Tu fais des photos depuis ton enfance. Est-ce que tu as parfois l’impression d’être arrivé au bout de ce que tu sais faire ?

Lors d’une interview on a demandé au célèbre photographe Marc Riboud qu’elle était sa meilleure photo, il a répondu : « celle que je ferai demain ».  
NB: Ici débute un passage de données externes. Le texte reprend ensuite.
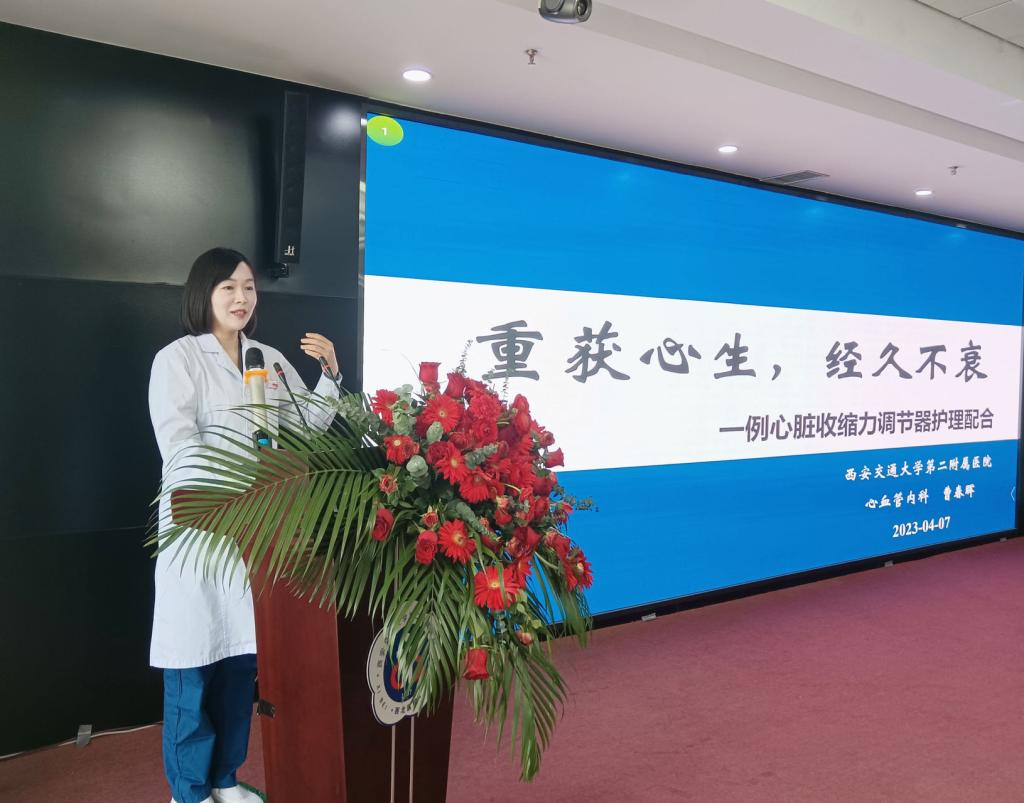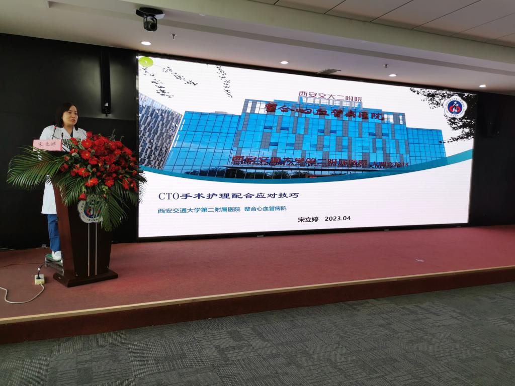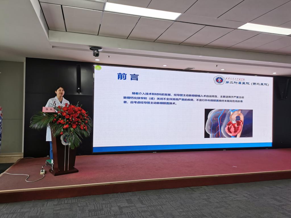 会议由一首歌曲《鼓楼》拉开帷幕,导管手术室护士万源和技师刘奔倾情弹唱,指尖触动美好,琴弦拨动心声,为会议营造出良好、愉快的氛围。会议正式开始,王蓉护士长致辞并围绕心血管介入护理国内外发展历程、心血管介入医、护、技有效配合以及科室心血管介入护理发展现状进行了简要的概述。接下来分别由导管手术室护士王小芳,宋立婷,徐凯,张艳以及副护士长曹春晖等以心血管介入为主题进行了介入手术室环境卫生学检测、CTO手术护理配合应对技巧、房颤一站式手术的术中配合、心脏收缩力调节器的护理配合以及经导管主动脉瓣置换的护理配合的课程讲解与论述。曹春晖副护士长就导管手术室工作特点,结合《心血管介入治疗护理实用技术》的内容对心血管介入治疗及护理进行了剖析和解读,提出心血管介入护理的成果与不足,并对未来工作提出了期望和要求。

Quand on arrive au bout et qu’on sent l’ennui, c’est qu’il est temps de passer à autre chose. La photo c’est une éducation, on vit avec et on apprend chaque jour. C’est un bon début mais j’ai encore beaucoup à apprendre, je suis un jeune photographe.

Qu’est-ce qui fait qu’aujourd’hui encore, tu as toujours une passion brûlante pour la photo ? Dans une autre vie, qu’aurais tu fais si tu n’avais pas été photographe ? Cebos Nalcakan

De nature assez réservé, la photo me permet de m’exprimer sans forcément me montrer. C’est ma passion, mon métier et mon langage. Bien que j’aime l’humain, j’aurais aimé dans une autre vie être loin de la ville et des réseaux sociaux.